Mevrouw Van Esch (PvdD):
We krijgen nog coronadebatten. Misschien moet ik de vraag daarin dan wat explicieter stellen, want het ging namelijk meer over de schijnveiligheid, dus dat mensen zich veilig voelen en daardoor regels gaan overtreden. Het ging dus meer over gedragsbeïnvloeding. Maar laten we er gezien de tijd een andere keer op doorgaan.

Minister Kuipers:
Dan had ik tot slot nog een vraag van de heer Omtzigt over de grondrechten en de besluitvorming. Bij besluitvorming over de maatregelen wordt telkens afgewogen of deze noodzakelijk en evenredig zijn. Onderdeel hiervan is een toetsing aan de grondrechten. Dit wordt beschreven in de toelichting bij elke wijzigingsregeling, zo ook in de toelichting bij de regeling geldigheidsduur en kort verblijf. De regelingen worden conform de wet bij uw Kamer nagehangen, zodat u daarop kunt interveniëren.

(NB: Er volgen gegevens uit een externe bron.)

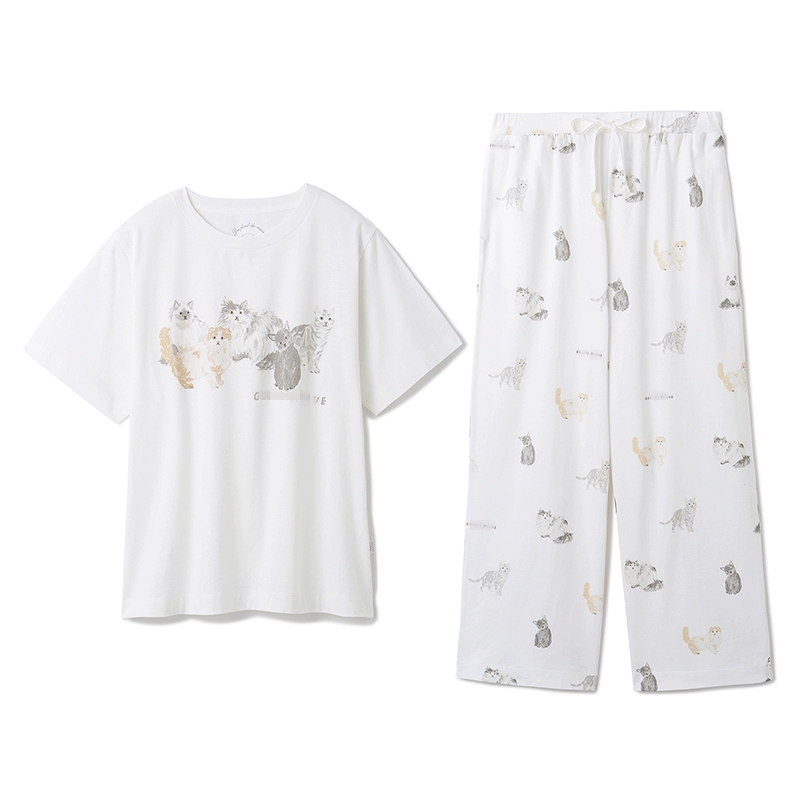 | nameOriginal | Peach cat print soft and skin-friendly short-sleeved pajamas |
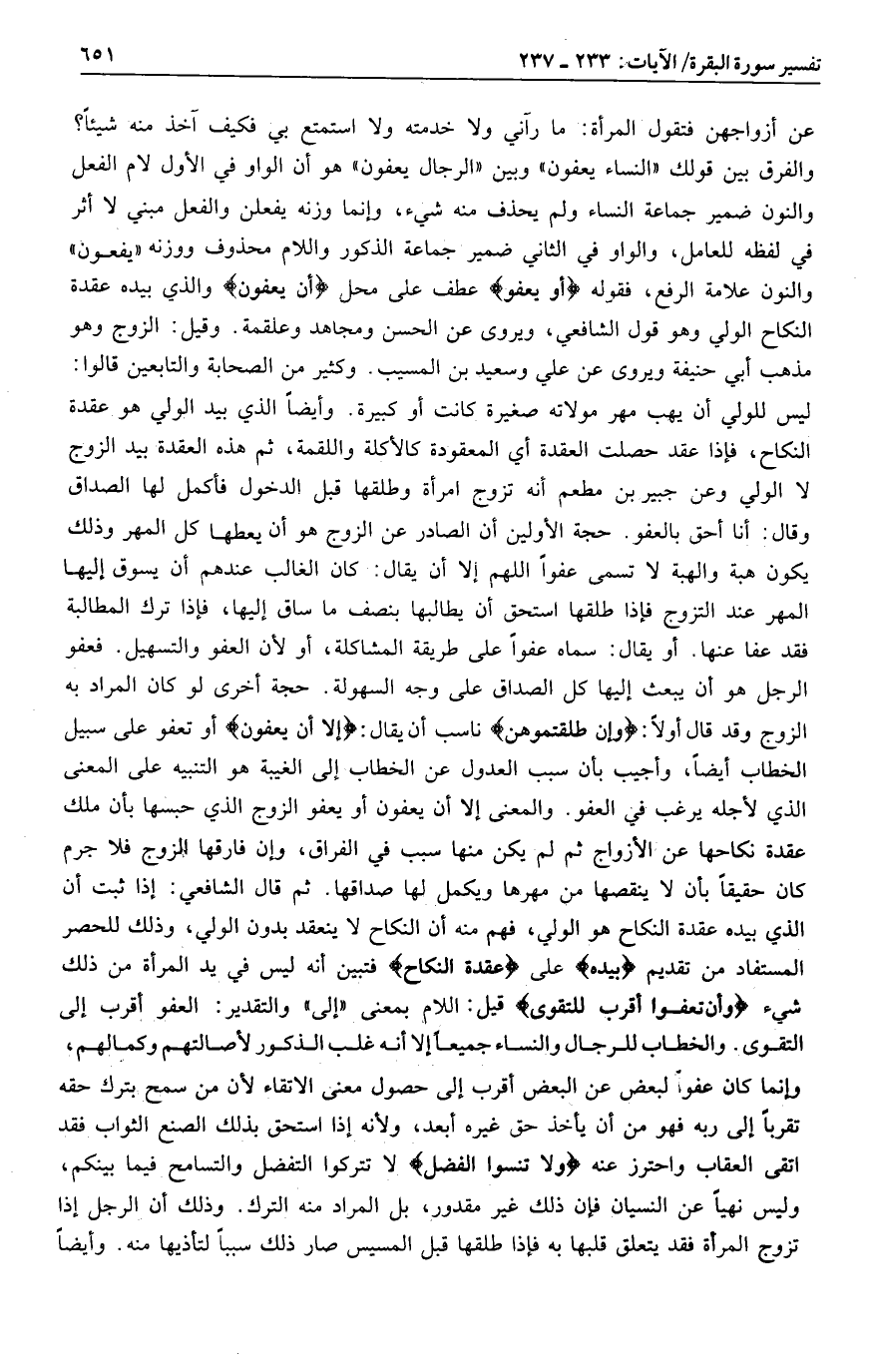 والفرق بين قولك «النساء يعفون» وبين «الرجال يعفون» هو أن الواو في الأول لام الفعل والنون ضمير جماعة النساء ولم يحذف منه شيء، وإنما وزنه يفعلن والفعل مبني لا أثر في لفظه للعامل، والواو في الثاني ضمير جماعة الذكور واللام محذوف ووزنه «يفعون» والنون علامة الرفع، فقوله أَوْ يَعْفُوَا عطف على محل أَنْ يَعْفُونَ والذي بيده عقدة النكاح الولي وهو قول الشافعي، ويروى عن الحسن ومجاهد وعلقمة.
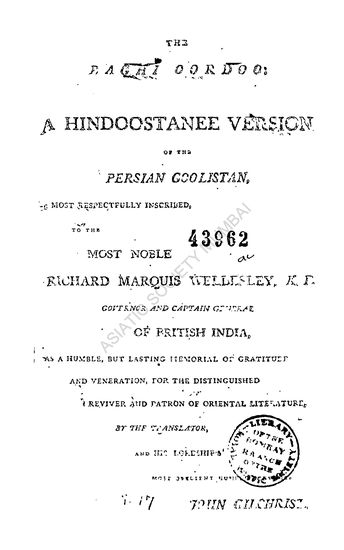The Baghi Oordoo : A Hindoostanee Version of the Persian Goolistan

Dan komen we bij de moties. Ik kom als eerste bij de motie op stuk nr. 18 van de heer Omtzigt over de Deense onderzoekers. Mijn advies is: ontraden. De wetenschappers hebben continu contact.

De voorzitter:
Mevrouw Van der Plas, heeft u een vraag over de grondrechten?

Mevrouw Van der Plas (BBB):
Misschien heb ik het gemist, maar dat lijkt me niet. Ik had nog vragen gesteld over het coronadashboard, namelijk over die cijfers van een op de vier. Die vragen luiden als volgt. Kloppen de cijfers op het coronadashboard nog wel? Is dit een eerlijk beeld? Zo nee, wanneer wordt dit aangepast? Waarom geven ziekenhuizen de mensen met covid door als covidpatiënt? Krijgen ze daar een vergoeding voor? Zo ja, hoe hoog is die per patiënt? En zo nee, wanneer stoppen de ziekenhuizen met het doorgeven van die cijfers? In afwachting van de antwoorden had ik alvast de motie ingediend.

Minister Kuipers:
Die heb ik hier.

Mevrouw Van der Plas (BBB):
Als de antwoorden niet …

De voorzitter:
De antwoorden zijn er volgens mij.

Minister Kuipers:
Ja. Zal ik eerst de motie doen dan?

De voorzitter:
Nou, misschien eerst de antwoorden.

Mevrouw Van der Plas (BBB):
Sorry, verwarring alom. Het lijkt me handiger om eerst de antwoorden te horen, want op basis van de antwoorden kan ik besluiten of ik de motie evengoed indien of dat ik zeg: hier ben ik tevreden mee. Dan dien ik de motie niet in of dan trek ik deze in.

De voorzitter:
Exact, dus eerst de antwoorden. Ik zie de heer Omtzigt bij de microfoon staan, maar het moet niet verwarrend worden. De minister beantwoordt eerst de vragen van mevrouw Van der Plas en dan krijgt de heer Omtzigt de gelegenheid voor zijn vragen.

Minister Kuipers:
Om te beginnen hebben de coronapatiënten mét en dóór corona allebei behoefte aan isolatie. Ze moeten in isolatie verpleegd worden. Afhankelijk van hoe het ziekenhuis, het verpleeghuis of iets anders dat doet, brengen ze die mensen tezamen op een isolatieafdeling of doen ze dat per kamer, zeker als er sprake is van eenpersoonskamers. Voor het personeel dat voor een betreffende patiënt moet zorgen, gaat het om alle isolatiemaatregelen die daarbij horen. Dat betekent dat die patiënten ook als zodanig gescoord worden. Op de meeste plekken nemen ze een plek in op een isolatieafdeling, los van het feit dat ze ook andere behandeling krijgen. Dat geldt ook voor patiënten die eerst binnenkomen met iets anders, die bijvoorbeeld luchtwegklachten hebben en vervolgens getest worden op corona. Maar het geldt ook voor patiënten die binnenkomen met corona en tijdens hun verblijf ook andere problemen krijgen. Dat kunnen bijvoorbeeld nierfunctiestoornissen of hartritmestoornissen zijn; dat kan van alles zijn. Het onderscheid voor het personeel is dus: moet een patiënt wel of niet in isolatie?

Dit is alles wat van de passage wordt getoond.